Но что же я предложу ему в пищу? Я вспоминаю, что Линней говорит о редувий: «Consumit cimices lectularios hujus larva, horrida, personata», т.е. его безобразная, во что-то наряженная личинка сосет постельных клопов. Эта дичь в данное время кажется мне слишком огромной: никогда мои клопики не решатся напасть на нее. А другая причина: как только мне нужно постельных клопов, мне трудно их найти. Попробуем нечто другое.
Взрослый редувий неразборчив: он охотится за самой разнообразной добычей. Может быть, и личинка окажется такой же. Я предлагаю ей мушек. Они решительно отвергнуты. А что они находили на чердаке, с которого я взял мое стадо? Какую мягкую добычу, которая не требовала опасной борьбы?
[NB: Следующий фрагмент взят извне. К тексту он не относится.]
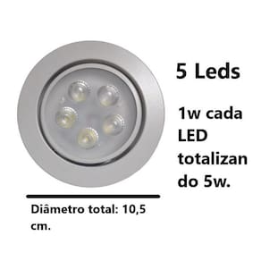 alta eficiência, alto brilho, ampla voltagem. Favorável ao meio ambiente, não contém mercúrio,cinza, sem interferência eletromagnética. Características: quantidade de leds:5 x 1w. Voltagem: ac85-265v bivolt . Luminosidade: 560 lumens. Angulo de abertura: 45 graus. Tempo de uso aproximado: 50. 000 horas. Peso: 110 gramas. Altura: 3,7 cm. Diâmetro total: 10,5cm. Diâmetro do furo: 7,5 cm. Feixe de luz direcionável. Cor: 3200k branco quente. Já vai com reator instalado, somente necessário fazer a ligação dos fios na sua instalação. Modelo com base redonda. Compra garantida:

Там был жир, кости, кожа и больше ничего. Предложим жира.
На этот раз все идет прекрасно. Мои клопики влезают на куски жира, погружают в него свои хоботки и питаются вонючим олеином, а потом уходят переваривать его на песок или куда им вздумается. Они благоденствуют. Они растут день ото дня. Через две недели они толсты и, сверх того, неузнаваемы. Все тело, включая и ножки, покрыто коркой из песка.
Корка эта начала покрывать тело личинки сейчас же после первой линьки. Песчинки тогда пристали к телу как попало. В настоящее же время это сплошная кора, противный балахон. Теперь, действительно, личинка заслуживает названия, данного ей Линнеем: «Безобразная и ряженая».
Если бы нам пришла в голову мысль видеть в этой одежде преднамеренную работу, военную хитрость, способ скрыться, чтобы приблизиться к добыче, то отбросим эту мысль: редувий вовсе не готовит себе искусно одеяние, чтобы спрятаться. Это делается само собой, потому что тело клопа выделяет липкую жидкость, может быть, жир, которым он питается, и к этой липкой жидкости прилипает пыль, по которой он ползает. Редувий не одевается, а пачкается, потому что потеет.
Еще одно слово о пище. Линней, черпая свои сведения не знаю откуда, делает из редувия нашего помощника в борьбе с постельным клопом. Со времени Линнея эта слава утвердилась за редувием. Но справедлива ли она?
Я позволяю себе сомневаться в этом. Что иногда заставали редувия сосущим постельного клопа, в этом нет ничего удивительного: мои пленники удовлетворялись лесным клопом. Впрочем, они ели его, но не требовали; они легко без него обходились и, по-видимому, предпочитали ему кобылку или какое-либо другое насекомое. Итак, ряженая личинка не заслуживает своей славы. Ее пища совершенно иная, чем думал Линней и повторяли его последователи. В юности она кормится жиром, как это подтверждают мои опыты. А сделавшись сильной, она разнообразит свою еду различными живыми насекомыми, как это делает и взрослый редувий. На чердаке у мясника она находит жир; позднее она находит там трупных мух, кожеедов и других потребителей трупов. В темных закоулках наших жилищ, куда не заходит половая щетка, она собирает жирные крошки, сонных мух, маленьких пауков. Этого достаточно для ее благоденствия.